# Green water :( after adding new fish? How to fix?



## wkndracer (Mar 14, 2009)

While some say they are a waste of money using a UV unit will knock out green water in no time.


----------



## Kibblemania1414 (Feb 1, 2011)

one way is to have some of your fish breed. the fry or something will then eat the green water.. good luck


----------



## mylittlefish (Oct 5, 2010)

I always whip-out my trusty Magnum 250 Micron H.O.T

How much volume are we dealing with ?

First do a few water changes.


----------



## Kibblemania1414 (Feb 1, 2011)

+1 for mylittlefish, that's what i would do along with trying to get my fish to breed


----------



## wkndracer (Mar 14, 2009)

Kibblemania1414 said:


> +1 for mylittlefish, that's what i would do along with trying to get my fish to breed


Have you ever used a UV sterilizer? 
littlefish, The OP has a 75g Walstad style NPT.


----------



## Kibblemania1414 (Feb 1, 2011)

i have not, UV sterilizers are a butt load of money


----------



## snausage (Mar 8, 2010)

I second a uv sterilizer. They are a bit pricey, but they're guaranteed to get rid of green water in about one week and they will prevent a whole host of problems with your fish.


----------



## ridethespiral (Aug 5, 2010)

It is only a light haze of green, nothing severe enough for my to go out and buy a UV sterilizer, especially for a low-tech tank. I was afraid this was the only option... and actually I've been pouring in a gallon of cold water to top off the tank to try and trigger my hastatus corys to spawn lol hell maybe even the petricolas will spawn one day.. 

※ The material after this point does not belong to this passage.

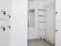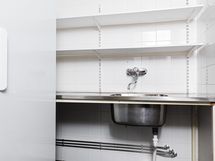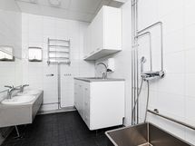 ja pesuallas kaapiston yhteydessä, kaapisto vaatekuivauspatteri (vesikiertoisesti
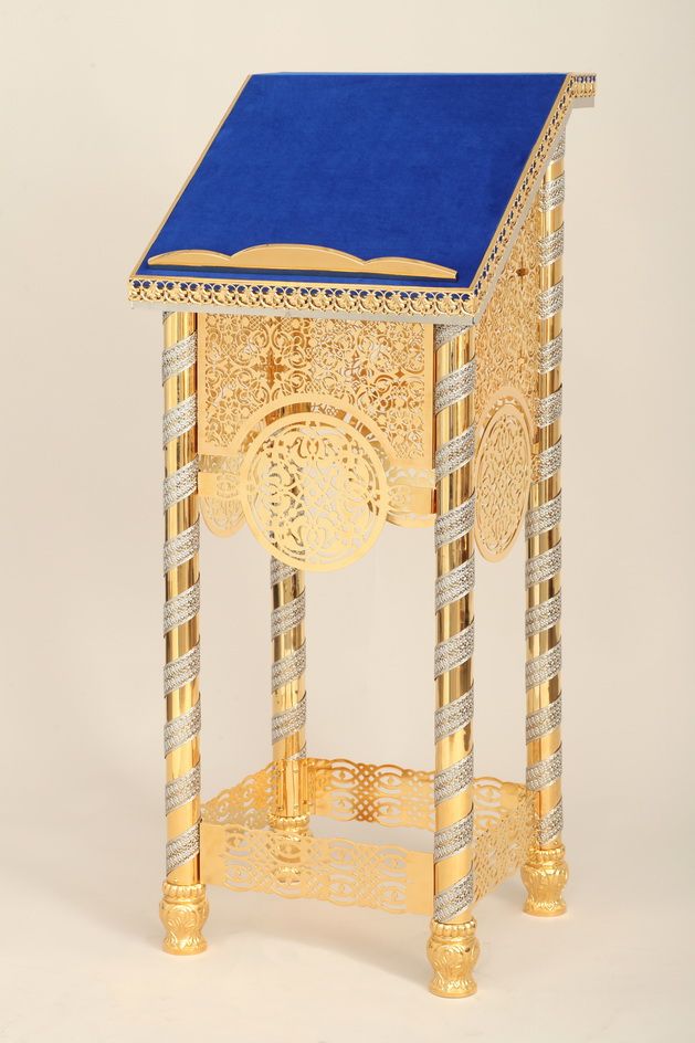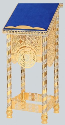 Подставка под икону №7 с золочением является стационарный и представляет собой массивную тумбу. Такая подставка носит название проскинитарий. Он устанавливается в центре храма либо в стороне от его главной оси. Предназначен проскинитарий для постоянного размещения аналойной иконы, к которой могут припадать прихожане.

Right now I'm leaning towards letting it sort itself out. It's hard to notice the green tint unless looking down lengthwise, which then appears slightly milky and tinted with some green


----------



## Darkblade48 (Jan 4, 2008)

I am surprised that for green water, nobody has mentioned a 3-5 day blackout yet.


----------



## HolyAngel (Oct 18, 2010)

Yeah you basically have 3 options here:

1. Let it ride it's course - it could last 3 weeks and be tea green.

2. UV sterilizer - no more green water inside of 3 days, and depending, it'll clear out any parasites and anything else harmful in the water.

3. 3-5 day total blackout. Water change before hand, and then a LARGE water change right after. NO PEEKING and it'll clear it up for sure.

^^


----------



## Kibblemania1414 (Feb 1, 2011)

+1 holyangel, thats what i did also, along with many water changes


----------



## wkndracer (Mar 14, 2009)

HolyAngel said:


> Yeah you basically have 3 options here:
> 
> 1. Let it ride it's course - it could last 3 weeks and be tea green.
> 
> ...





Kibblemania1414 said:


> +1 holyangel, thats what i did also, along with many water changes


three choices, +1 that's what I did

?????????????

too much caffeine? (might be why your hair is standing up) :icon_redf


----------



## Kibblemania1414 (Feb 1, 2011)

ya! lol:hihi:


----------



## agimlin (Sep 25, 2010)

yeah i would say a black out would be your best bet. dont worry about feeding your fish. and your plants will have some die off. i just did this on my 10g water was so green i couldnt see the back of the tank. almost all of my java fern melted away. starting to make a come back tho after 3 weeks


----------



## gvfarns (Oct 4, 2010)

You can get a UV sterilizer on ebay for like 30 bones (I did). You don't need a high end one of any kind. Just a tube with a bulb in it. 

Ultimately, as your tank matures green water will be a thing of the past, but in the short term something like UV does wonders. The reason people say they are a waste is that after a while they won't be needed, but "a while" can potentially be quite a while for some tanks.


----------



## g01ngog (Dec 30, 2010)

I got myself a 9w UV Sterilizer for my 30gallon at PetSmart for 50ish dollars for my green water. Its on day 3 of usage. I'll report on whether its effective or not.


----------



## wkndracer (Mar 14, 2009)

gvfarns said:


> The reason people say they are a waste is that after a while they won't be needed, but "a while" can potentially be quite a while for some tanks.





g01ngog said:


> I got myself a 9w UV Sterilizer for my 30gallon at PetSmart for 50ish dollars for my green water. Its on day 3 of usage. I'll report on whether its effective or not.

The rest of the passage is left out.